For the development of alternative concepts for the cost effective treatment of wastewaters with high ammonium content and low C/N-ratio, autotrophic consortia of micro-organisms with the ability to convert ammonium directly into N2 are of particular interest. Several full-scale industrial biofilm plants eliminating nitrogen without carbon source for years in a stable process, are suspected for some time to harbor active anaerobic ammonium oxidizers in deeper, oxygen-limited biofilm layers.
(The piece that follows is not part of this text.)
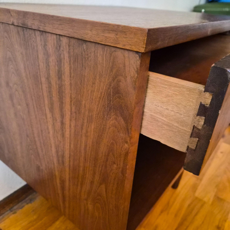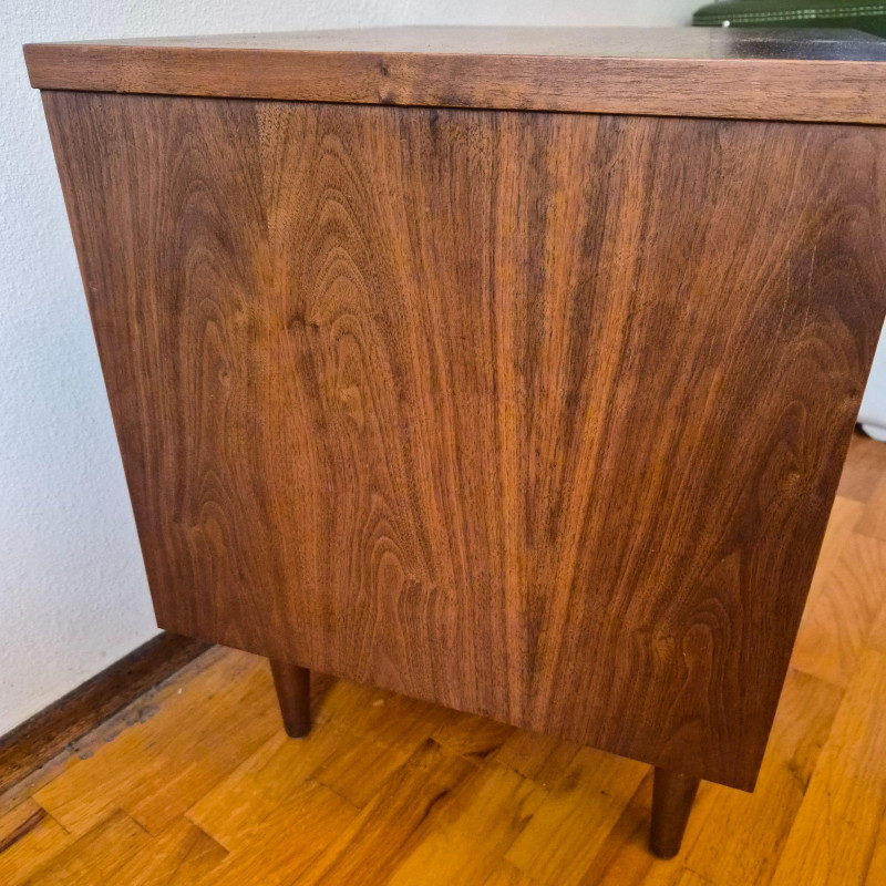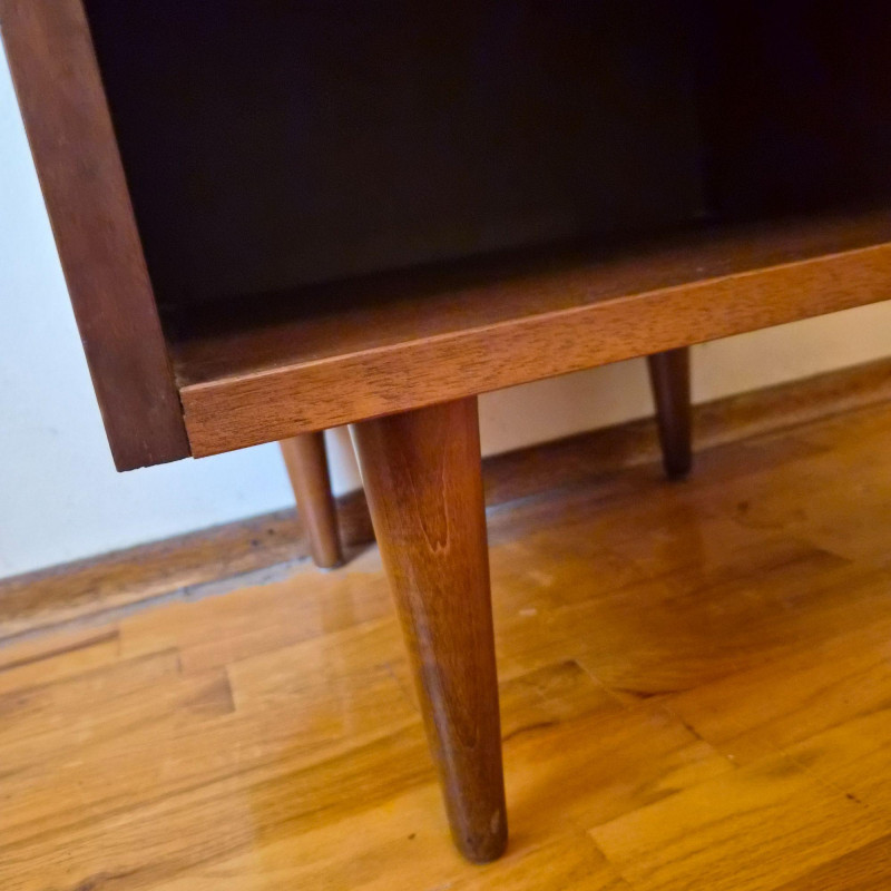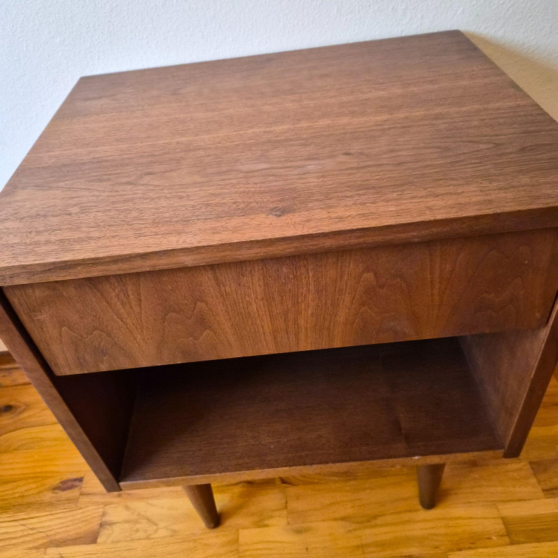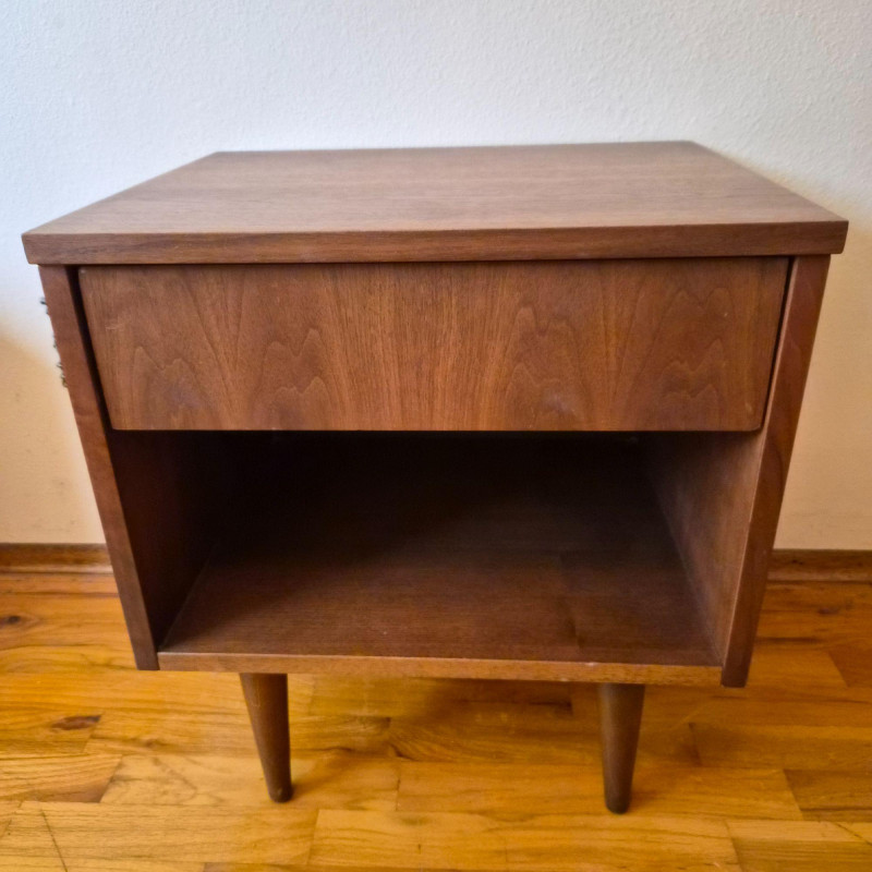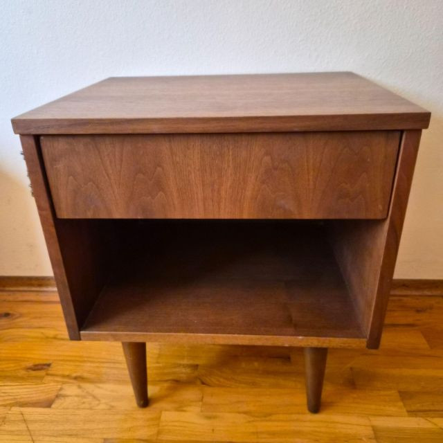 A classic mid-century modern nightstand in solid wood, featuring clean lines and practical design. The piece includes: Compact and versatile, this nightstand offers timeless MCM styling with warm wood grain and minimalist charm. Ideal for bedside use, studio storage, or restoration projects.

In order to identify the processes of the single-stage nitrogen elimination (deammonification) in biofilm systems and to allocate them to the responsible micro-organisms, a deammonifying moving-bed pilot plant was investigated in detail. 15N-labelled tracer compounds were used as well as 16S rDNA libraries and in situ identification of dominant organisms. The usage of rRNA-targeted oligonucleotide probes (FISH) was particularly emphasized on the ammonium oxidizers of the β-subclass of Proteobacteria and on the members of the order Planctomycetales. The combined application of these methods led to a deeper insight into the population structure and function of a deammonifying biofilm.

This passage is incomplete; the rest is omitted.